According to genetic data, it seems that the brain evolved from molecules derived from endogenous viruses that have lost their initial function, and were instead co-opted to create genetic diversity and aid genome expansion – a process known as exaptation. Considering these origins, the nervous and immune systems hold functional similarities. One of them refers to the process of generating novel neurons and synapses, which are maintained consequently to exposure to information during a sensitive or critical period, similarly to the process underlying T and B lymphocytes in the adaptive immune system.
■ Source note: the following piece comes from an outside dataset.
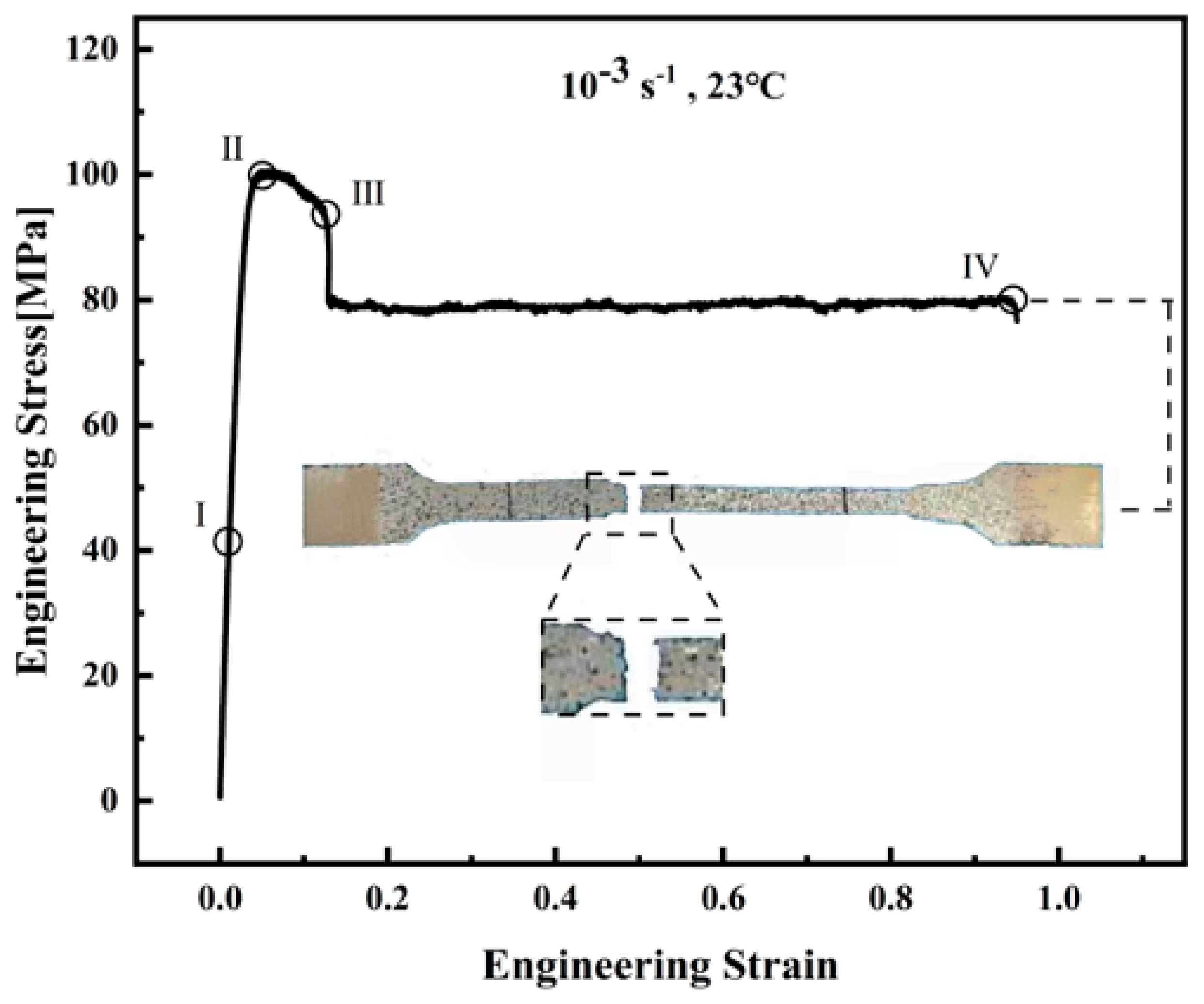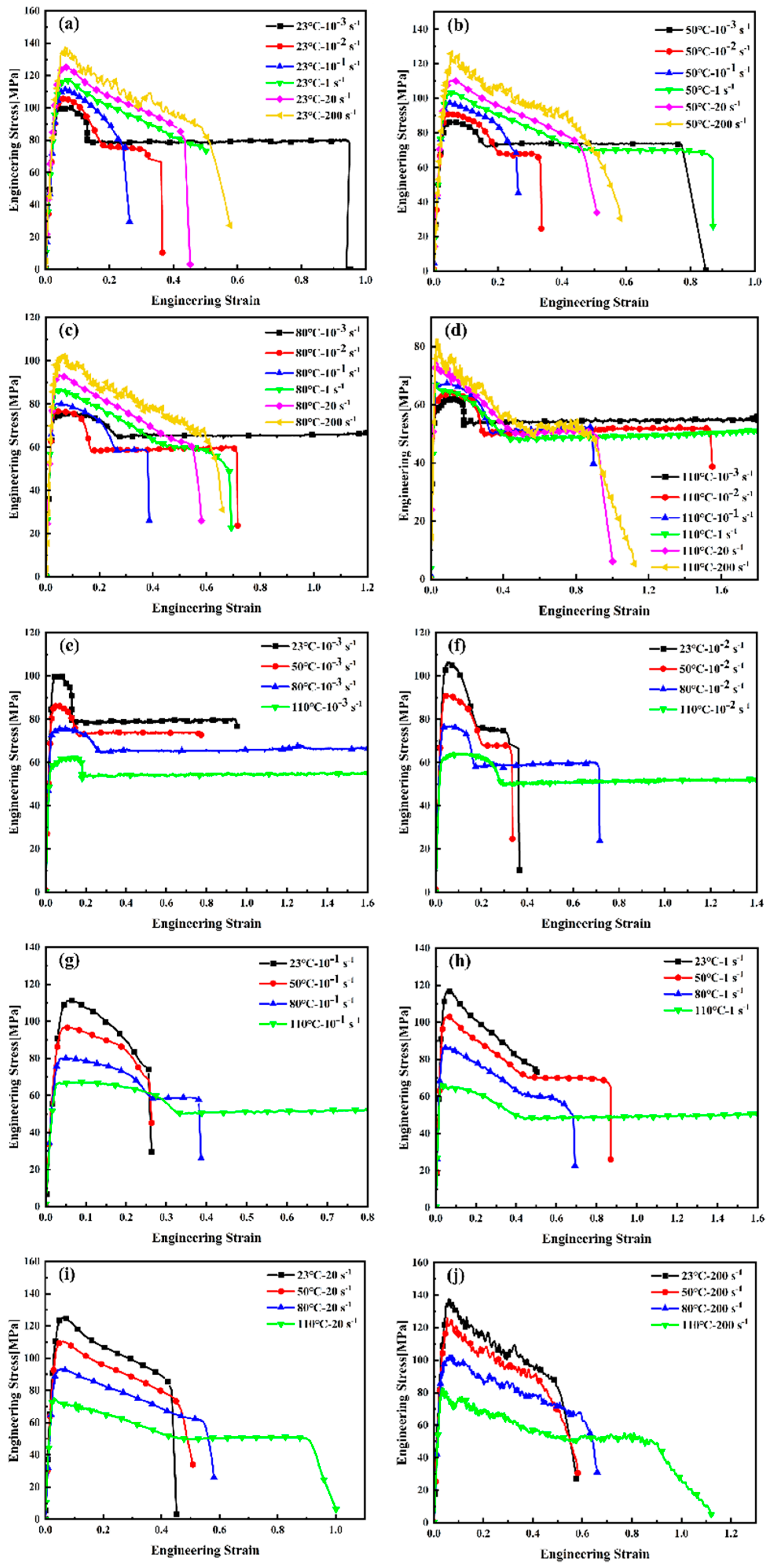Figure 3 presents the engineering stress–strain curves obtained at room temperature (23 °C) and a strain rate of 10

It seems that the nervous system, akin to the immune system, underlies a selection in terms of identity and neuronal connectivity occurring both throughout development and during processes associated learning and with brain regeneration. Therefore, it can be assumed that the nervous system, similarly to the immune system, evolves in situ as a consequence of experience. Once they are “marked” with a certain category of information, cells in these systems undergo epigenetic modifications by virtue of which they become dependent upon that information. Subsequently, they will attempt to update and defend that information every time they get the chance, thus preventing its “dislocation” by other pieces of information (or cognitive immunity). This mechanism is similar to the one responsible with creating addiction modules, which were initially genetic. In more advanced organisms, they subsequently added the epigenetic dimension, thus determining what we call, learning. Life experiences are reflected in the brain in the form of the “Self”, similarly to the immune Self, while the nervous system defends this construction in the same way the immune system defends the organism against antigens.